A ministra Regina Helena Costa, do Superior Tribunal de Justiça (STJ), acatou recurso do Ministério Público (MPE) e ordenou que a Corte Mato-grossense (TJMT) profira novo acórdão sobre a participação do procurador de Estado, Gerson Valério Pouso, no esquema de desvio de R$ 400 milhões investigado pela Operação Cartas Marcadas.
Em ordem proferida na última quinta-feira (25), a ministra constatou que decisões anteriores do TJMT foram prolatadas em confronto com entendimentos do Superior. Na Corte Estadual, foi decidido que a rejeição da denúncia criminal, fundamentada na ausência de indícios mínimos de autoria, deveria interromper a ação de improbidade, invalidando a autonomia entre as esferas. Também fora constatado pela falta de provas de que os procuradores teriam integrado as fraudes.1
Contudo, a ministra reformou esse entendimento, reafirmando que a falta de lastro probatório na seara penal não impede o prosseguimento da demanda na esfera cível, tampouco em casos de improbidade. A relatora destacou que, por possuírem naturezas distintas, o desfecho de um processo criminal sem julgamento de mérito não vincula obrigatoriamente a apuração de atos de improbidade.
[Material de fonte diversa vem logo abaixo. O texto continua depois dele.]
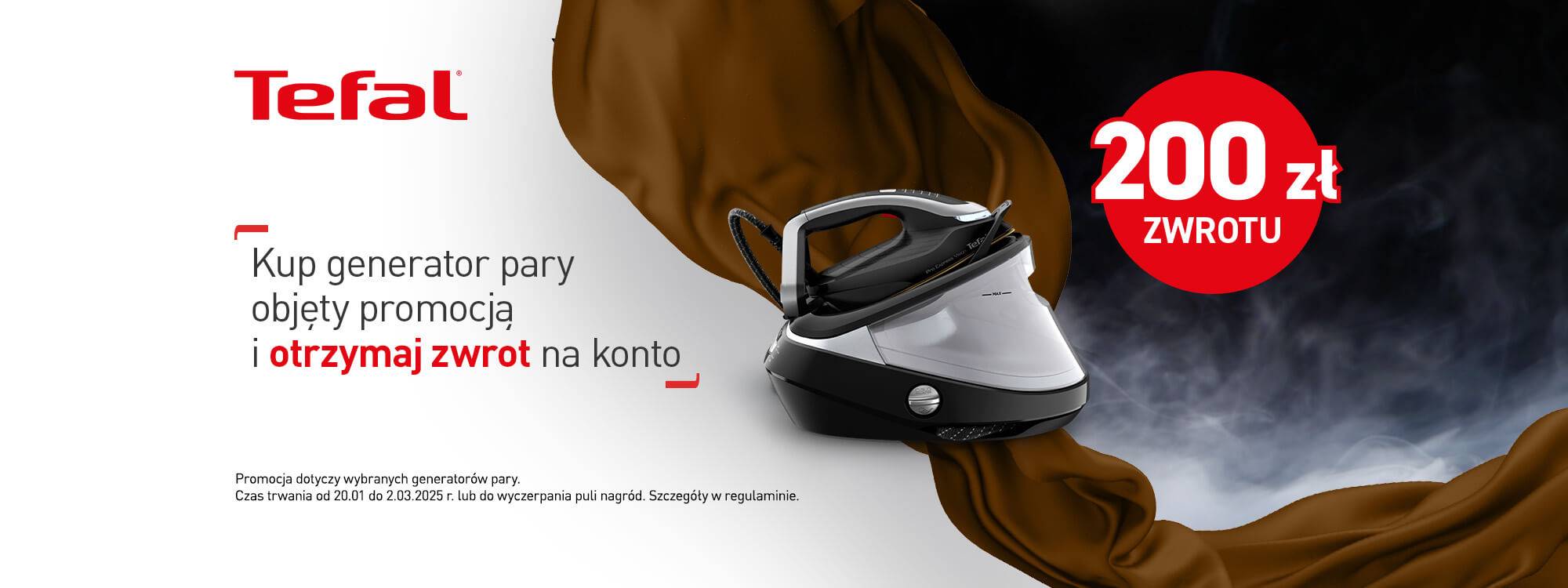 Kup wybrany model generatora pary Tefal w okresie 20.01.2025-2.03.2025 za pośrednictwem oficjalnego Sklepu Tefal, zarejestruj swój zakup na stronie https://www.tefal.pl/prasowaniezwrottefal i odbierz 200 złotych zwrotu na konto za swój zakup!

“Noutro vértice, observo que o acórdão recorrido está em confronto com a orientação desta Corte, segundo a qual a ação de improbidade administrativa não possui natureza penal ou administrativa. Trata-se de demanda autônoma em relação a tais instâncias. Desse modo, a conclusão em ação penal pela inexistência de lastro probatório mínimo para o cometimento de infrações penais não configura óbice ao processamento da presente demanda […] DOU PARCIAL PROVIMENTO ao Recurso Especial para cassar o acórdão recorrido e determinar o retorno dos autos ao Tribunal de origem para novo julgamento, à luz da independência entre as instâncias administrativa, civil e penal, nos termos expostos”, nos termos da ordem.
Conforme o Ministério Público, as investigações apontaram que o esquema se aproveitou de um processo judicial trabalhista de mais de 300 Agentes de Administração Fazendária (AAF) para provocar a emissão fraudulenta de cartas de crédito por parte do governo do estado. Cartas de crédito são papéis emitidos pelo estado para pagamento de dívidas e outras pendências. No mercado, eles geralmente são negociados por valores inferiores aos valores de face e são frequentemente comprados por empresas que precisam reduzir ou saldar dívidas tributárias com o estado.
Compõe polo dos requeridos no processo: Gilmar Fabris, Dorgival Veras de Carvalho, Ocimar Carneiro de Campos, Enelson Alessandro Nonato, Rogério Silveira, Anglisey Battini Volcov, Eder de Moraes Dias, Dilmar Portilho Meira, Gerson Valério Pouso e José Constantino Chocair Júnior. O processo é fruto da Operação “Cartas Marcadas”. Estima-se prejuízo aos cofres públicos superior aos R$ 400 milhões.